→ **Action item**
Return only the lines from the top of the data down to the one that holds "Moody natural textures", both included, without any pictures.

→ **Material to process**
-- -- --

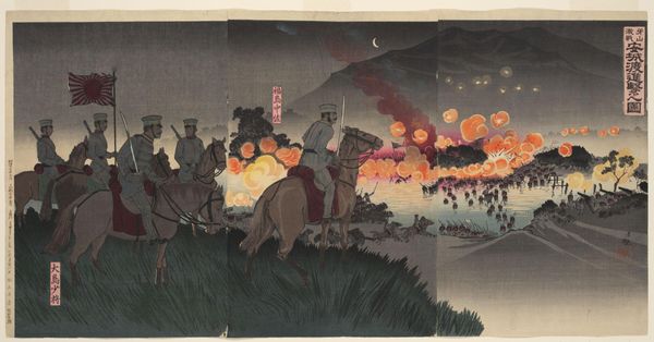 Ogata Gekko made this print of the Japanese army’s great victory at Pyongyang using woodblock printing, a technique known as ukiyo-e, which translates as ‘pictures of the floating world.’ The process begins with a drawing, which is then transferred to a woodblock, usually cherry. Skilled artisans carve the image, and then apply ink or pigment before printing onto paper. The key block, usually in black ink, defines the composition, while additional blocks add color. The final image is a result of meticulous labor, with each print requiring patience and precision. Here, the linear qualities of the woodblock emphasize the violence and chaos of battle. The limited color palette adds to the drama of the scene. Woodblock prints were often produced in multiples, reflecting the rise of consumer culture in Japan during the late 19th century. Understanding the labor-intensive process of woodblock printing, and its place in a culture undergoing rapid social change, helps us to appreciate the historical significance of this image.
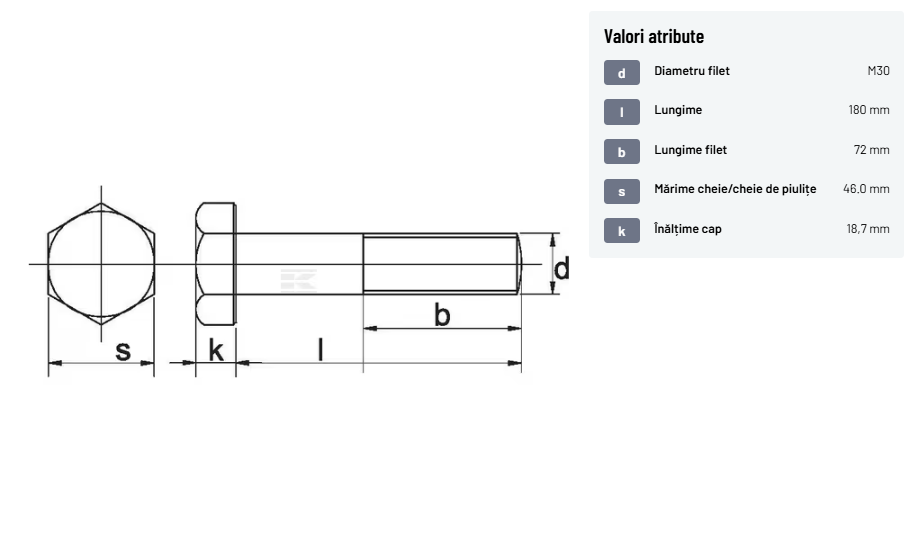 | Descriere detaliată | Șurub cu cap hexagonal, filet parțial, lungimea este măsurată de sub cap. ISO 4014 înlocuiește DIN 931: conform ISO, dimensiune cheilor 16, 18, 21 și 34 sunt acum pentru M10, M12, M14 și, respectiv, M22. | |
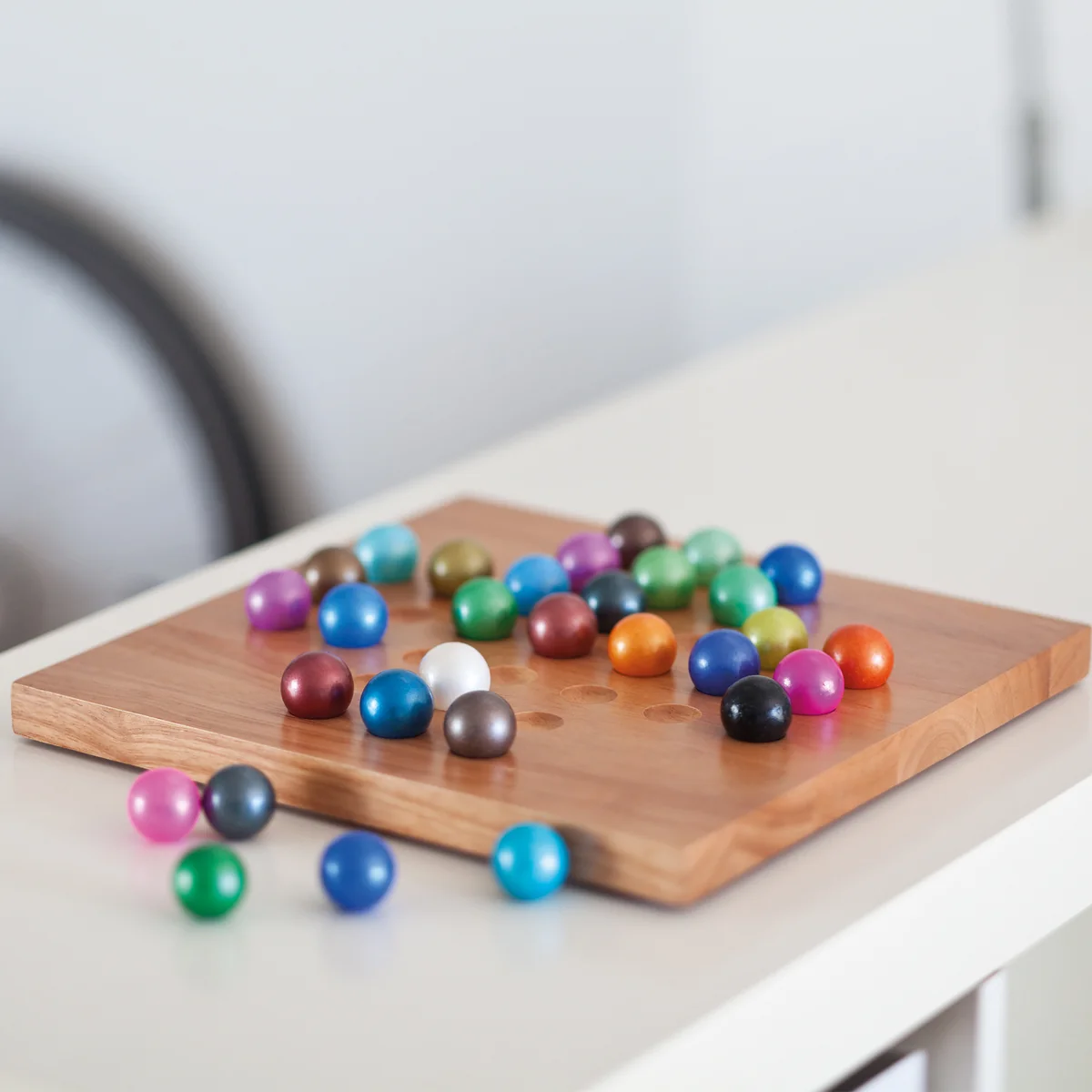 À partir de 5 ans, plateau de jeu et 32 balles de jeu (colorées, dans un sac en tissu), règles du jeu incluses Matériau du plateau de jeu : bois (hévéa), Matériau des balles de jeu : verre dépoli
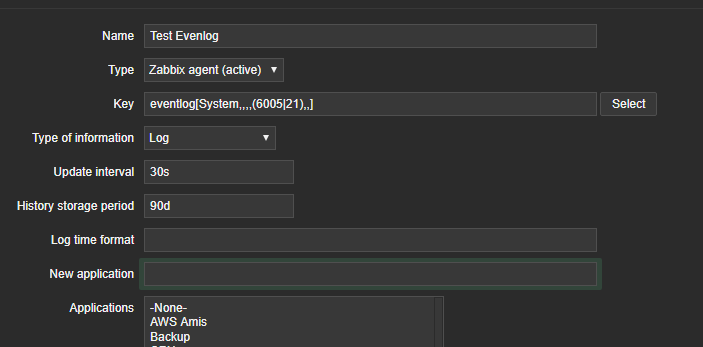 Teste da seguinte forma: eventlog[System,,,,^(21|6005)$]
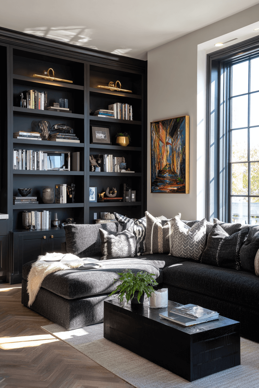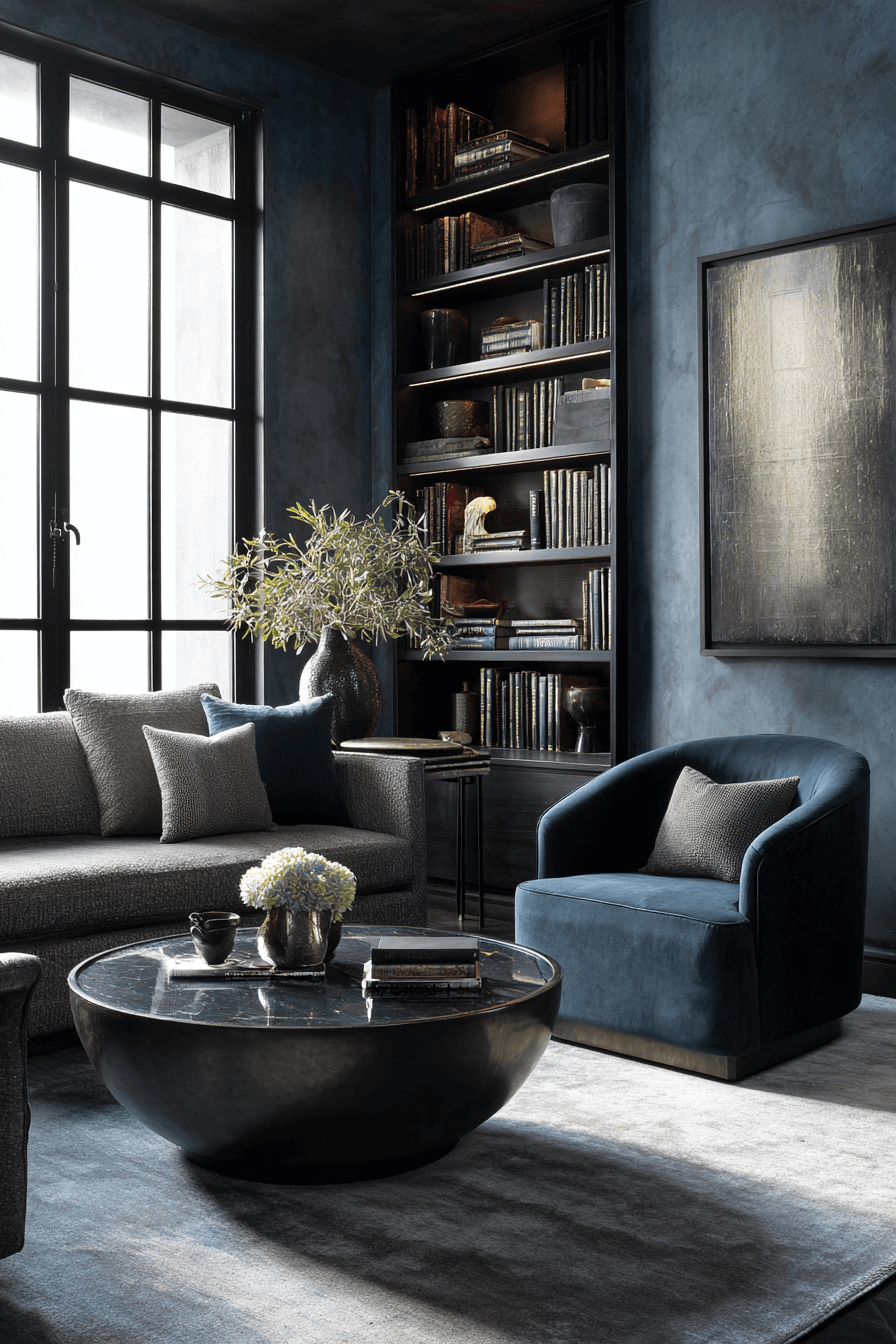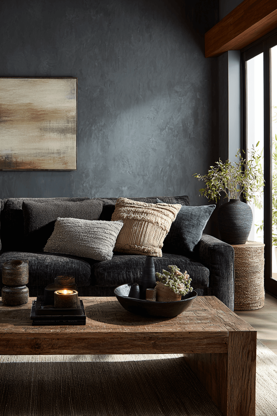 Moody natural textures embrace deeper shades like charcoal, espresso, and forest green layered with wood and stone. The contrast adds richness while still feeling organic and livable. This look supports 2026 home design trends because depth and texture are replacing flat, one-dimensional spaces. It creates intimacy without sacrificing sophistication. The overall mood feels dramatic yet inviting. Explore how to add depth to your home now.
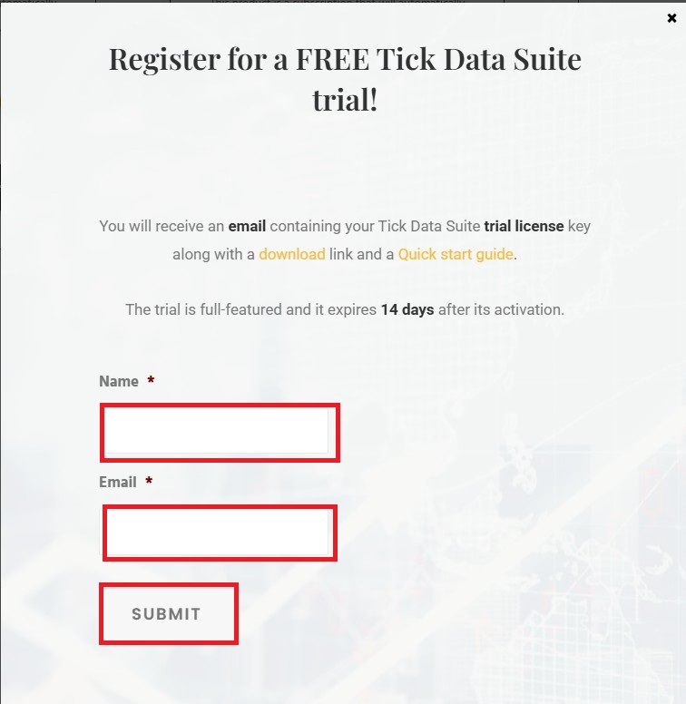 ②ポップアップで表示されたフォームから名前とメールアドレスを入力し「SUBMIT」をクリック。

-- -- --

→ **Task output**
 Ogata Gekko made this print of the Japanese army’s great victory at Pyongyang using woodblock printing, a technique known as ukiyo-e, which translates as ‘pictures of the floating world.’ The process begins with a drawing, which is then transferred to a woodblock, usually cherry. Skilled artisans carve the image, and then apply ink or pigment before printing onto paper. The key block, usually in black ink, defines the composition, while additional blocks add color. The final image is a result of meticulous labor, with each print requiring patience and precision. Here, the linear qualities of the woodblock emphasize the violence and chaos of battle. The limited color palette adds to the drama of the scene. Woodblock prints were often produced in multiples, reflecting the rise of consumer culture in Japan during the late 19th century. Understanding the labor-intensive process of woodblock printing, and its place in a culture undergoing rapid social change, helps us to appreciate the historical significance of this image.
 | Descriere detaliată | Șurub cu cap hexagonal, filet parțial, lungimea este măsurată de sub cap. ISO 4014 înlocuiește DIN 931: conform ISO, dimensiune cheilor 16, 18, 21 și 34 sunt acum pentru M10, M12, M14 și, respectiv, M22. | |
 À partir de 5 ans, plateau de jeu et 32 balles de jeu (colorées, dans un sac en tissu), règles du jeu incluses Matériau du plateau de jeu : bois (hévéa), Matériau des balles de jeu : verre dépoli
 Teste da seguinte forma: eventlog[System,,,,^(21|6005)$]
 Moody natural textures embrace deeper shades like charcoal, espresso, and forest green layered with wood and stone. The contrast adds richness while still feeling organic and livable. This look supports 2026 home design trends because depth and texture are replacing flat, one-dimensional spaces. It creates intimacy without sacrificing sophistication. The overall mood feels dramatic yet inviting. Explore how to add depth to your home now.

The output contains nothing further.